- Exercise
Leaving out the pictures, transcribe all of the records faithfully.

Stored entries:
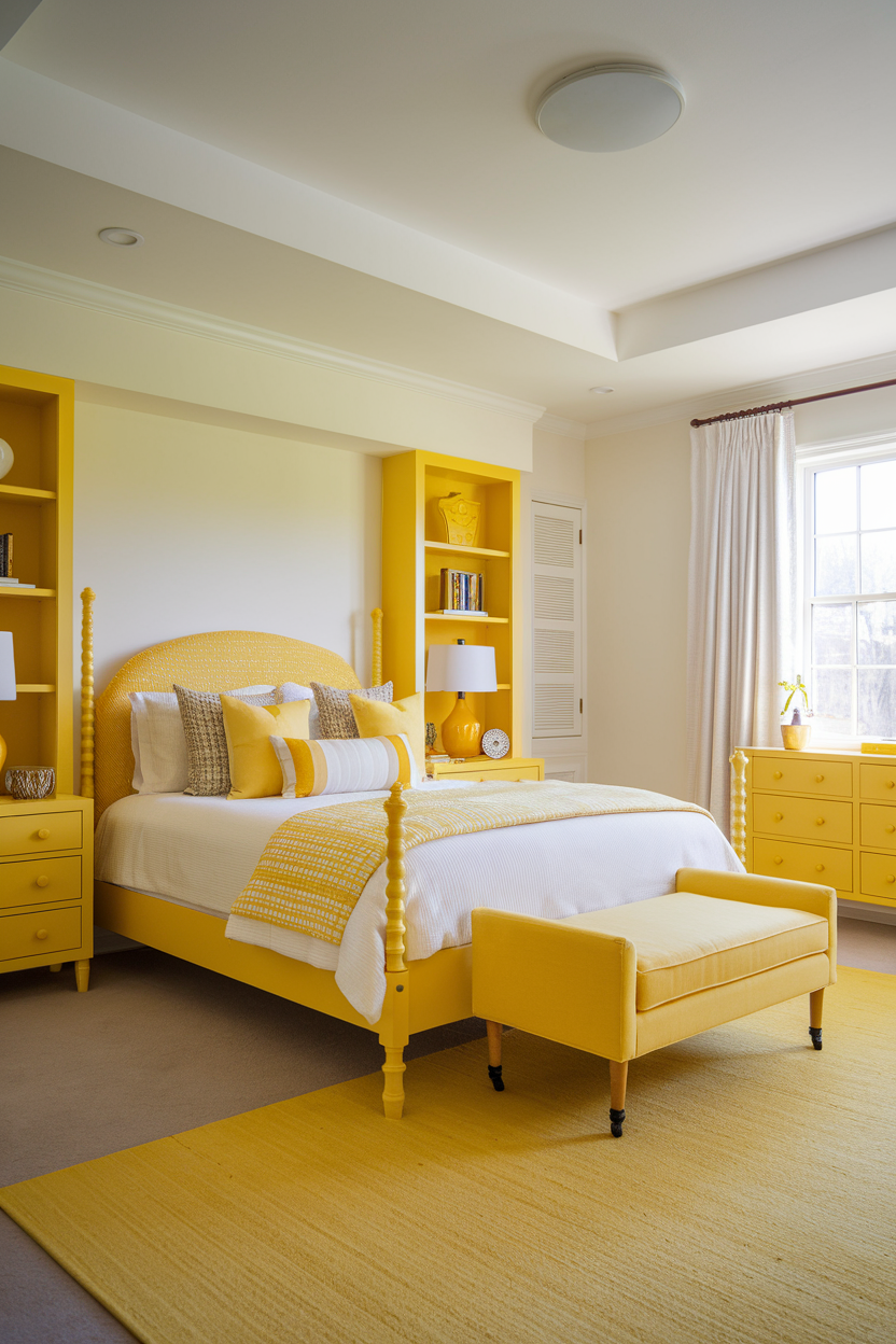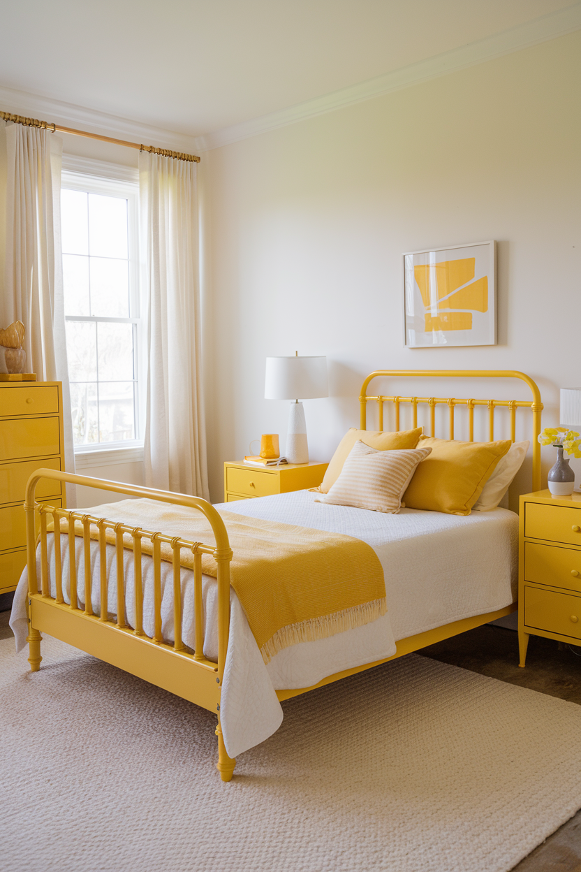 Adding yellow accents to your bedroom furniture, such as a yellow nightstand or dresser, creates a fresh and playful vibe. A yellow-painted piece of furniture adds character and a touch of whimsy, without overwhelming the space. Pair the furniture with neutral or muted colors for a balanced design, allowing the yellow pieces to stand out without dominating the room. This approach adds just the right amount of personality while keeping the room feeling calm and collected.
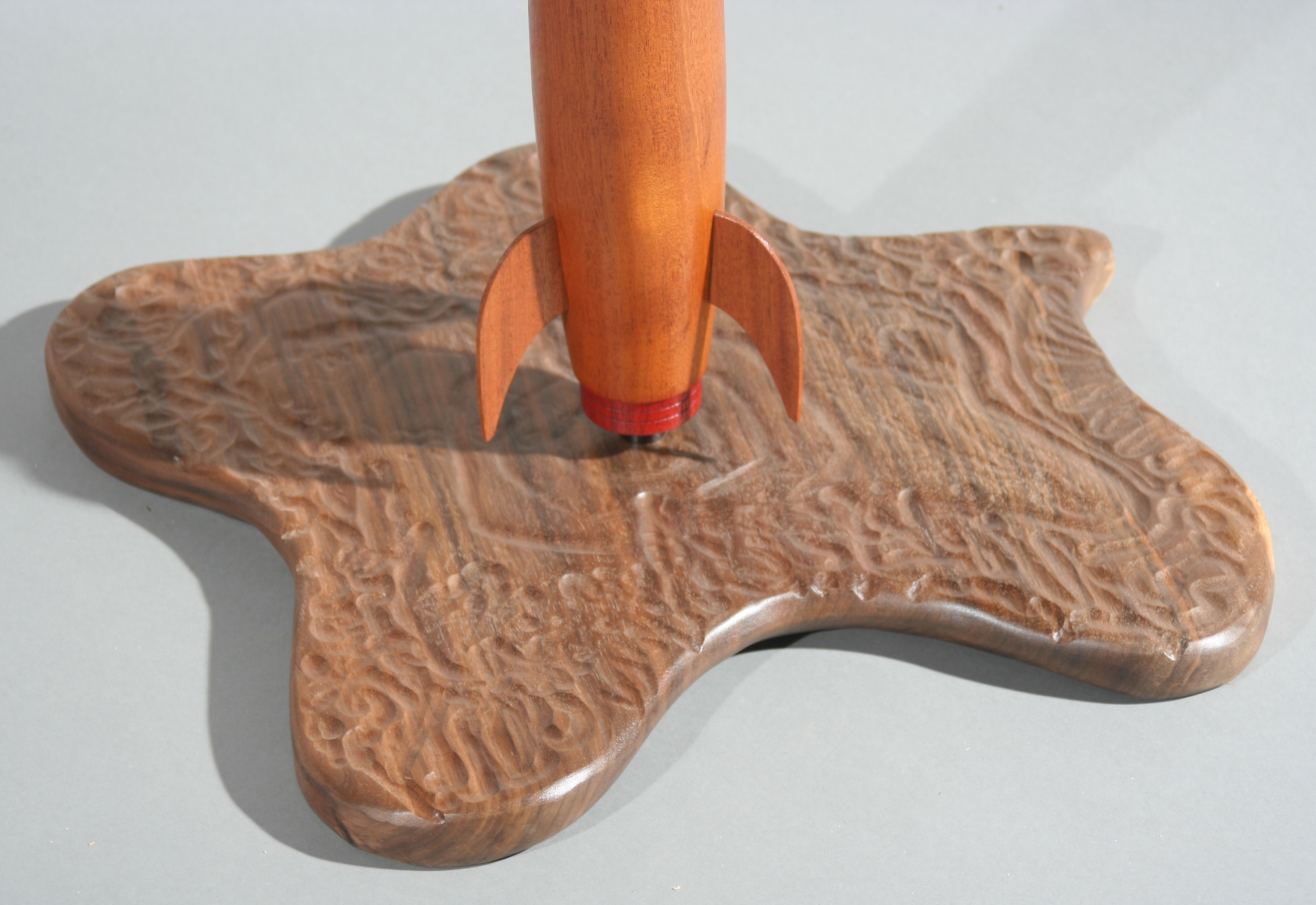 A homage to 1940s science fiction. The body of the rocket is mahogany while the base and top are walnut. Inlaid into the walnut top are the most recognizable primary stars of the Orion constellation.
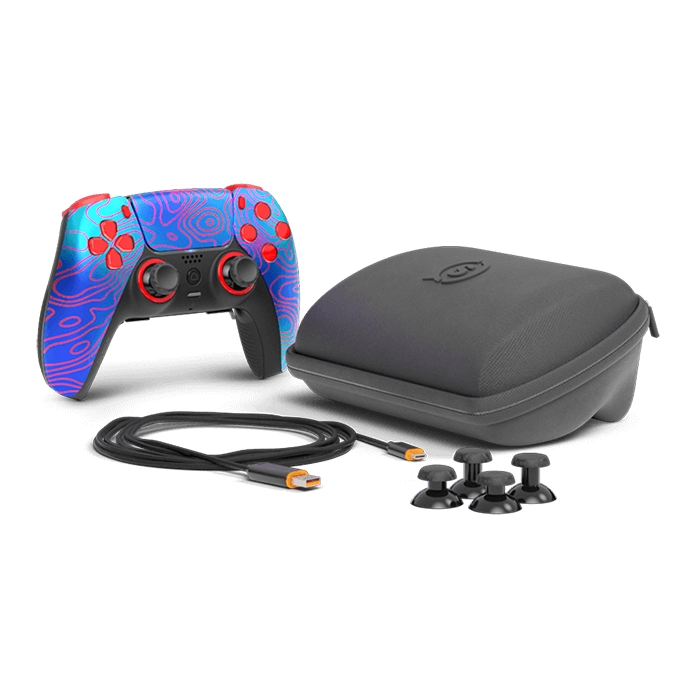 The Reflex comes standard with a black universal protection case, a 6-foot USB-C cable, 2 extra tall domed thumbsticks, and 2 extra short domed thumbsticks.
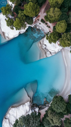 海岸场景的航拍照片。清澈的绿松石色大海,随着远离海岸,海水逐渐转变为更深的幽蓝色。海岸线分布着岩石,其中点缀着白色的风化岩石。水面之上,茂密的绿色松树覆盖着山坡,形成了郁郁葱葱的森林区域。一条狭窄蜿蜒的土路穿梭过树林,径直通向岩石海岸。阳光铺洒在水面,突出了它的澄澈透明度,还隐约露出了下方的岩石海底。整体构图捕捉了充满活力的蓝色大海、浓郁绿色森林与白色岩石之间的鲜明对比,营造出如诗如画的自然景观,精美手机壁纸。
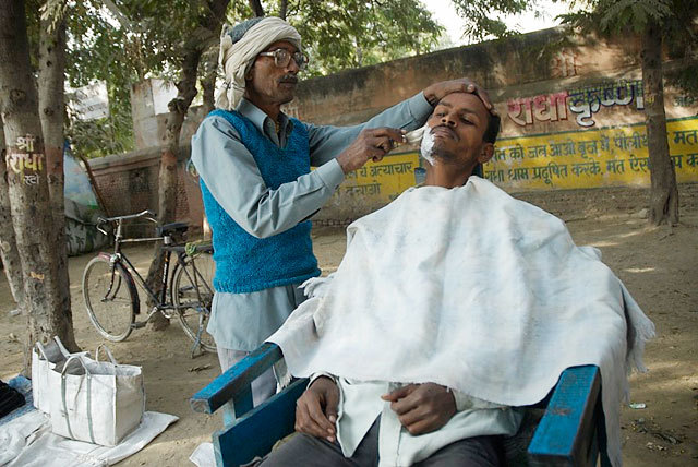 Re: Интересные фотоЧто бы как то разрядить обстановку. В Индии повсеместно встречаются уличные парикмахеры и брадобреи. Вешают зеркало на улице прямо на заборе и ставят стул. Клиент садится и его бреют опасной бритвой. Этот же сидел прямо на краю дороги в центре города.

- Solution for this exercise
 Adding yellow accents to your bedroom furniture, such as a yellow nightstand or dresser, creates a fresh and playful vibe. A yellow-painted piece of furniture adds character and a touch of whimsy, without overwhelming the space. Pair the furniture with neutral or muted colors for a balanced design, allowing the yellow pieces to stand out without dominating the room. This approach adds just the right amount of personality while keeping the room feeling calm and collected.
 A homage to 1940s science fiction. The body of the rocket is mahogany while the base and top are walnut. Inlaid into the walnut top are the most recognizable primary stars of the Orion constellation.
 The Reflex comes standard with a black universal protection case, a 6-foot USB-C cable, 2 extra tall domed thumbsticks, and 2 extra short domed thumbsticks.
 海岸场景的航拍照片。清澈的绿松石色大海,随着远离海岸,海水逐渐转变为更深的幽蓝色。海岸线分布着岩石,其中点缀着白色的风化岩石。水面之上,茂密的绿色松树覆盖着山坡,形成了郁郁葱葱的森林区域。一条狭窄蜿蜒的土路穿梭过树林,径直通向岩石海岸。阳光铺洒在水面,突出了它的澄澈透明度,还隐约露出了下方的岩石海底。整体构图捕捉了充满活力的蓝色大海、浓郁绿色森林与白色岩石之间的鲜明对比,营造出如诗如画的自然景观,精美手机壁纸。
 Re: Интересные фотоЧто бы как то разрядить обстановку. В Индии повсеместно встречаются уличные парикмахеры и брадобреи. Вешают зеркало на улице прямо на заборе и ставят стул. Клиент садится и его бреют опасной бритвой. Этот же сидел прямо на краю дороги в центре города.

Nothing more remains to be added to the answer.